[Exercise input — start]

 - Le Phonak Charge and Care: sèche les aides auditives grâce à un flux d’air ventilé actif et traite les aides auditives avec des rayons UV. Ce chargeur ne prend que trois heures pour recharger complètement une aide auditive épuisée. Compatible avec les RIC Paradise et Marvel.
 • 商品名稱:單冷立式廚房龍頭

[Exercise input — finish]
[Exercise input — start]

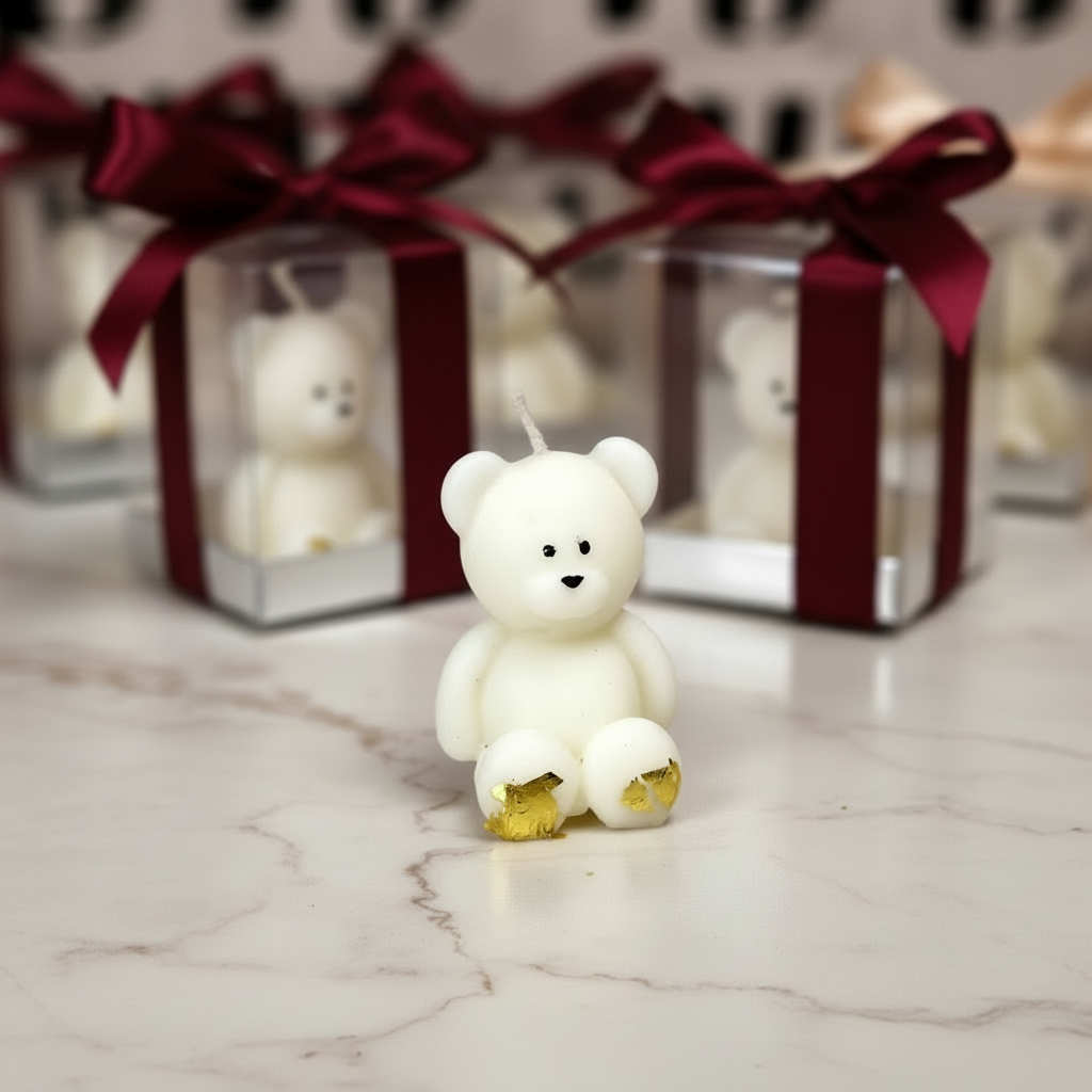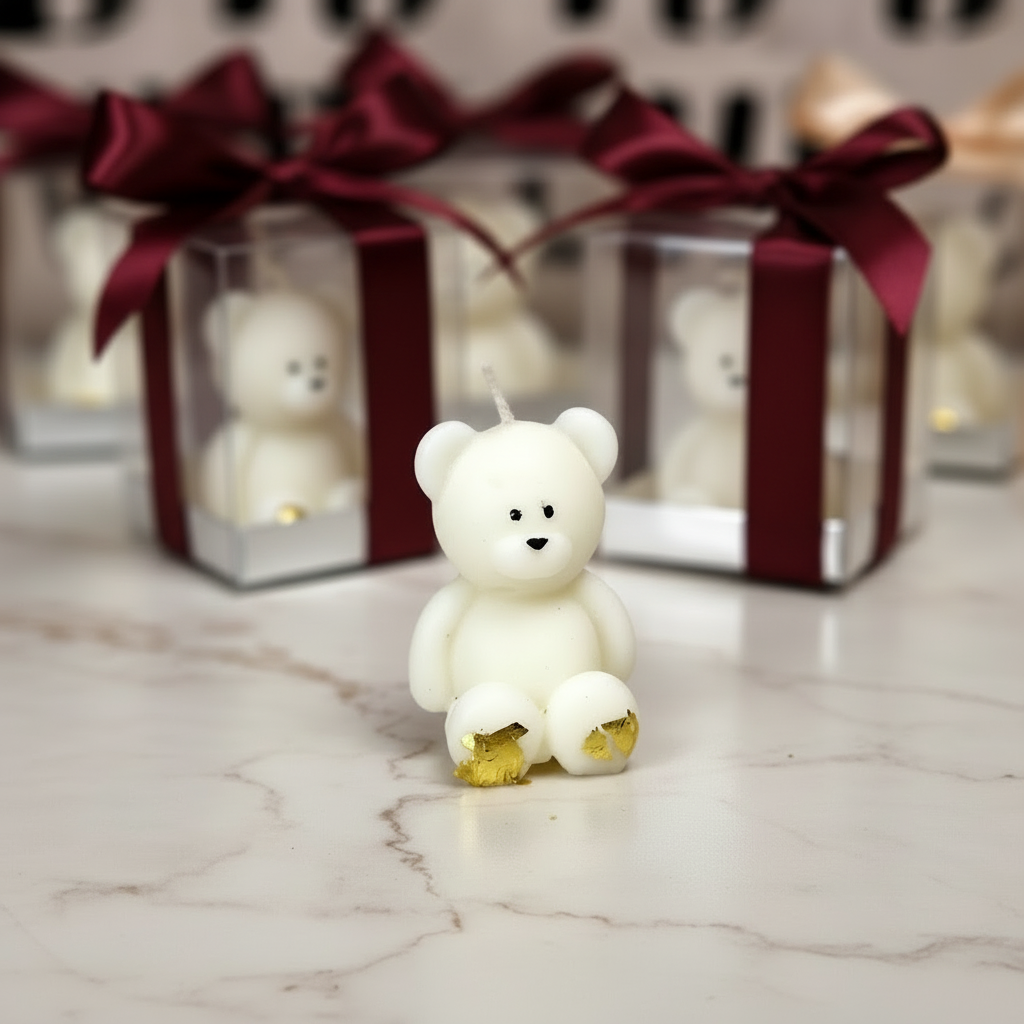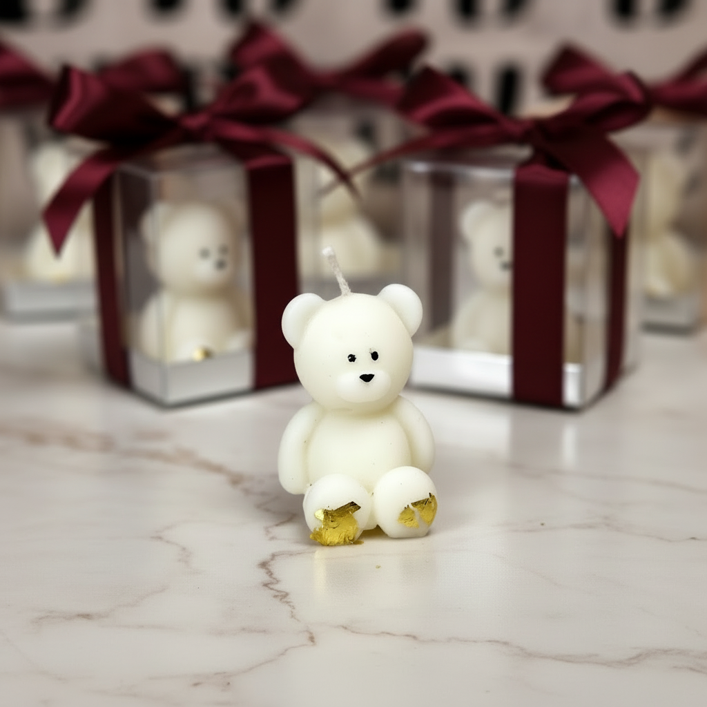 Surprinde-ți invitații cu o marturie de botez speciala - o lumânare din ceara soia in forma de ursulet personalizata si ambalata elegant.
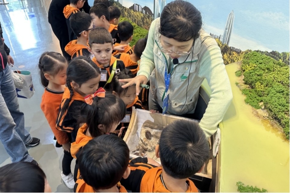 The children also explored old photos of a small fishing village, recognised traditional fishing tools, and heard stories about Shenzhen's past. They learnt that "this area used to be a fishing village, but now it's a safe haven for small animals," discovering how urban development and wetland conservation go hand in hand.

[Exercise input — finish]

For this exercise, transcribe exactly the part of the records above that opens with the line containing "Surprinde-ți invitații cu" and closes with the one containing "The children also". Pictures are not part of the copy.

_Response for this exercise_
 Surprinde-ți invitații cu o marturie de botez speciala - o lumânare din ceara soia in forma de ursulet personalizata si ambalata elegant.
 The children also explored old photos of a small fishing village, recognised traditional fishing tools, and heard stories about Shenzhen's past. They learnt that "this area used to be a fishing village, but now it's a safe haven for small animals," discovering how urban development and wetland conservation go hand in hand.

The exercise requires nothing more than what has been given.